Douglas OHI LLC has been awarded the RoSPA Fleet Safety Gold Award for its performance in managing occupational road risk across its operations in 2025. The recognition forms part of the 2026 RoSPA Health and Safety Awards, marking 70 years of global leadership in safety excellence.
The award specifically recognises Douglas OHI’s structured and data-driven approach to fleet risk, an area that remains one of the most dynamic and high-exposure aspects of project delivery. With vehicles, people and logistics constantly in motion, the company has prioritised building a system that does not rely on reactive controls, but instead anticipates, monitors and mitigates risk in real time.

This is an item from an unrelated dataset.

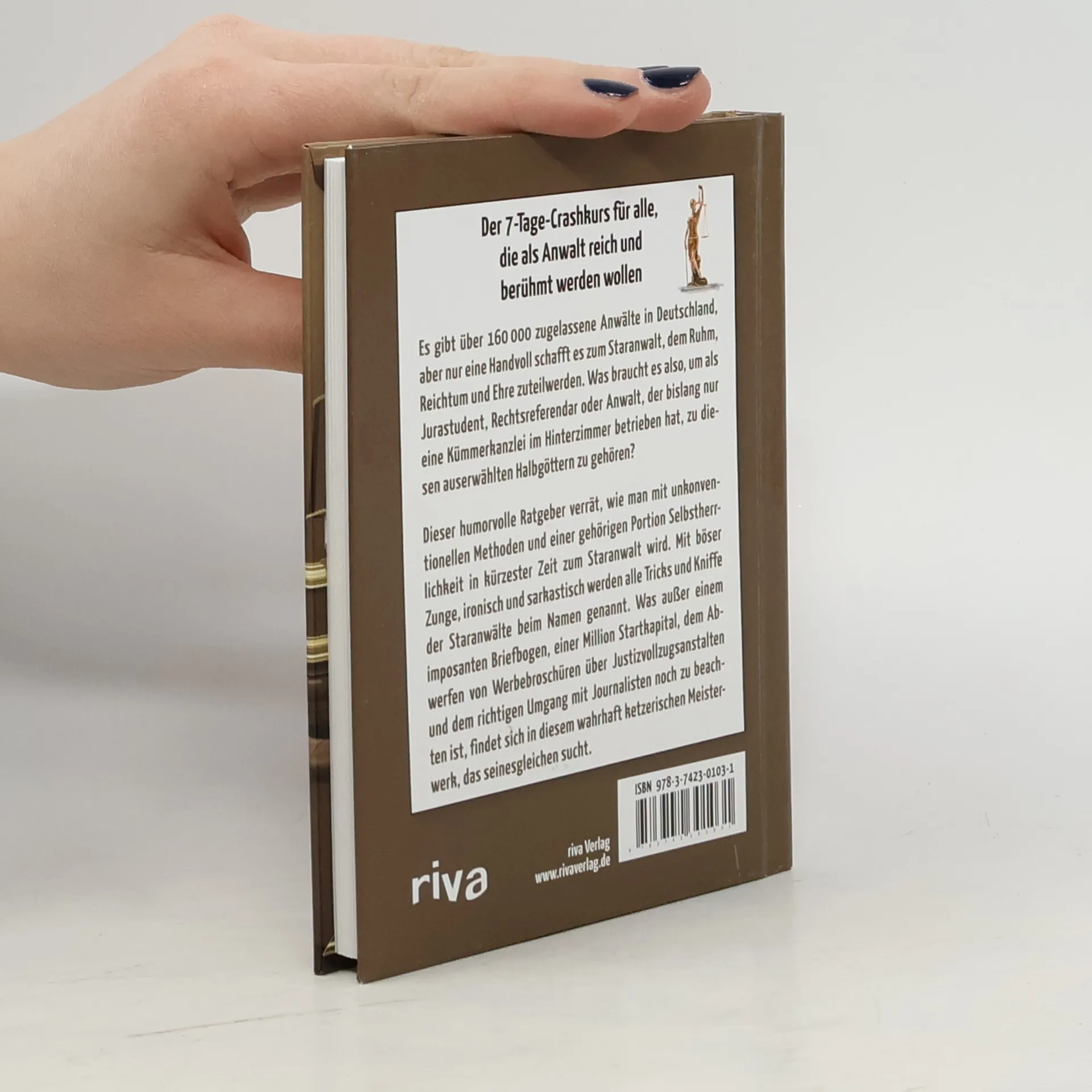 Der 7-Tage-Crashkurs für alle, die als Anwalt reich und berühmt werden wollen Es gibt über 160 000 zugelassene Anwälte in Deutschland, aber nur eine Handvoll schafft es zum Staranwalt, dem Ruhm, Reichtum und Ehre zuteilwerden. Was braucht es also, um als Jurastudent, Rechtsreferendar oder Anwalt, der bislang nur eine Kümmerkanzlei im Hinterzimmer betrieben hat, zu diesen auserwählten Halbgöttern zu gehören? Dieser humorvolle Ratgeber verrät, wie man mit unkonventionellen Methoden und einer gehörigen Portion Selbstherrlichkeit in kürzester Zeit zum Staranwalt wird. Mit böser Zunge, ironisch und sarkastisch werden alle Tricks und Kniffe der Staranwälte beim Namen genannt. Was außer einem imposanten Briefbogen, einer Million Startkapital, dem Abwerfen von Werbebroschüren über Justizvollzugsanstalten und dem richtigen Umgang mit Journalisten noch zu beachten ist, findet sich in diesem wahrhaft ketzerischen Meisterwerk, das seinesgleichen sucht.

Now in its 45th year of operations, Douglas OHI continues to evolve its approach to safety, with a clear focus on managing high-exposure risks such as fleet operations. This approach integrates driver behaviour, journey planning, vehicle condition and live oversight into a single operational framework, ensuring that safety is actively managed rather than passively measured.
Commenting on the achievement, Mr. Aaron Hennessy, Group Managing Director of Douglas OHI, said: “Fleet safety is one of the most complex risks we manage as a business. It sits at the intersection of people, environment and operational pressure. This recognition reflects our ability to bring structure, visibility and control to that complexity. It is about ensuring that safety holds firm, regardless of scale, pace or location.”

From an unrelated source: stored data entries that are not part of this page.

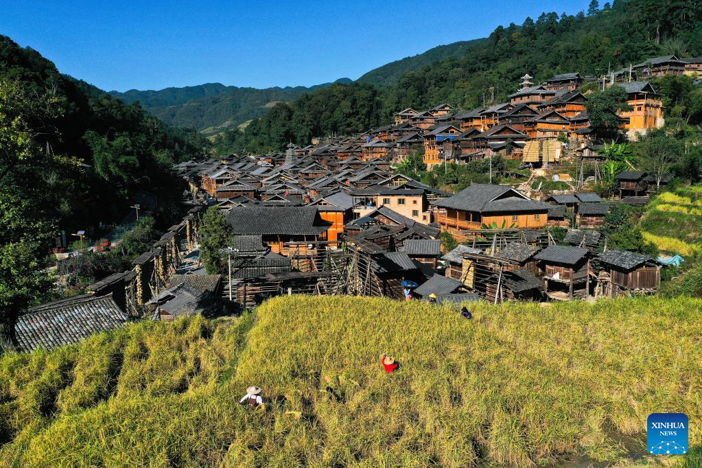 Aerial photo taken on Oct. 12, 2022 shows people harvesting paddy rice at Zhanli Village of Congjiang County, southwest China's Guizhou Province. (Xinhua/Yang Wenbin)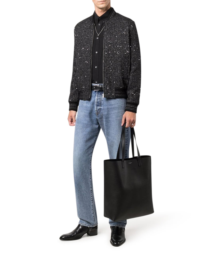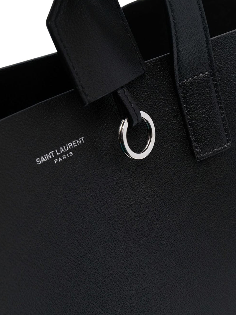 Logo print on the front, leather tag, single compartment, open top and two handles.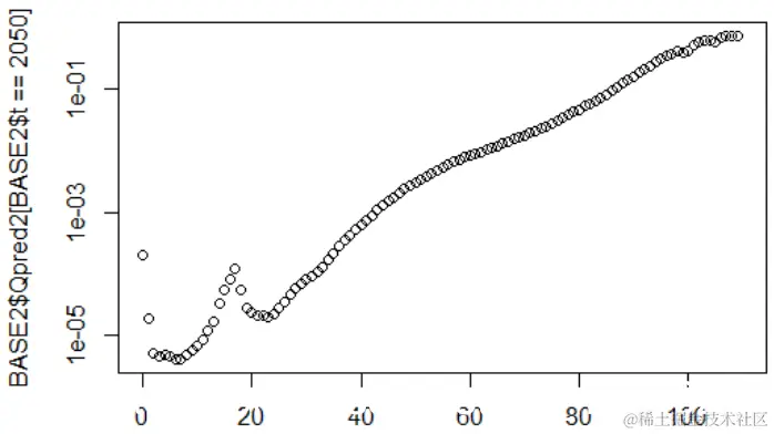 plot(BASE2$x[BASE2$t==2050],BASE2$Qpred1[BASE2$t==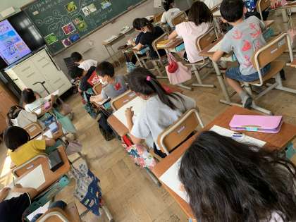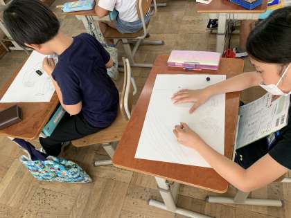6月の絵をかくのに,まずは6月といえば何を思い浮かべるのか,みんなで話し合っていました。子どもたちそれぞれのイメージがあって,友だちの意見を聞きながら「なるほど」と言いながら,絵のイメージを広げていました。

Peter Baker, Regional HSSE Manager at Douglas OHI, added: “This award reflects a deliberate shift towards precision in how we manage road risk. We have focused on strengthening the fundamentals, improving visibility and reinforcing behaviours that reduce exposure. It is not a single initiative, but a system that is consistently applied and continuously improved across our operations.”

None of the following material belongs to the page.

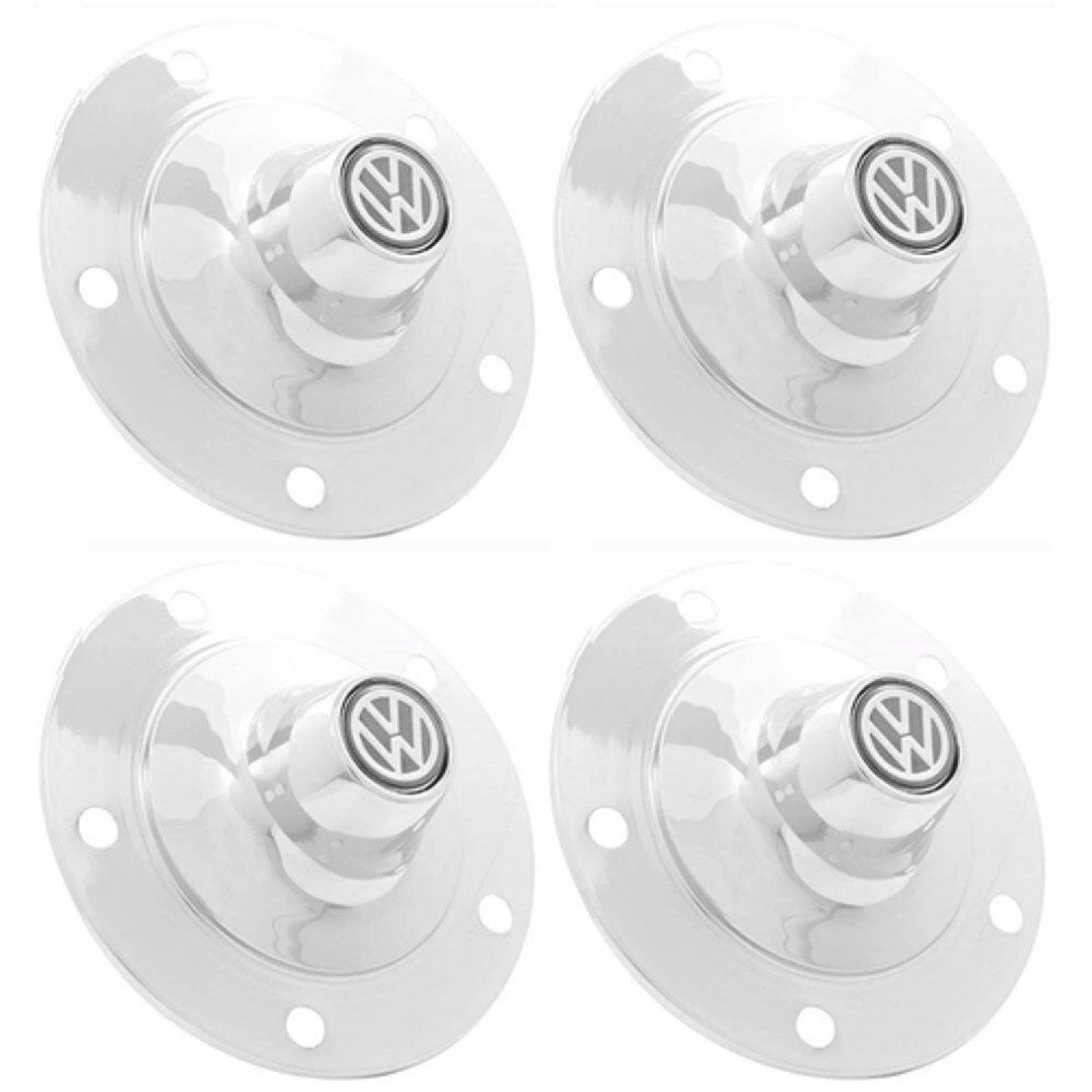 4個セット ハブ キャップ センター ホイール キャップ 5穴用 ラグ/穴 5LUG 旅行タイプ クロムメッキ スチール VW ブラック 黒いロゴ フォルクスワーゲン バグ バギー ビートル T1 T2 T3 T4 バス コンビ

The RoSPA Awards are widely regarded as a benchmark for organisations that demonstrate measurable impact in health and safety performance. Achieving recognition in the programme’s 70th anniversary year highlights the relevance of robust, modern safety systems in an evolving risk landscape.
For Douglas OHI, the focus remains clear: to maintain control in high-risk environments and ensure that safety performance is predictable, repeatable and embedded in everyday delivery.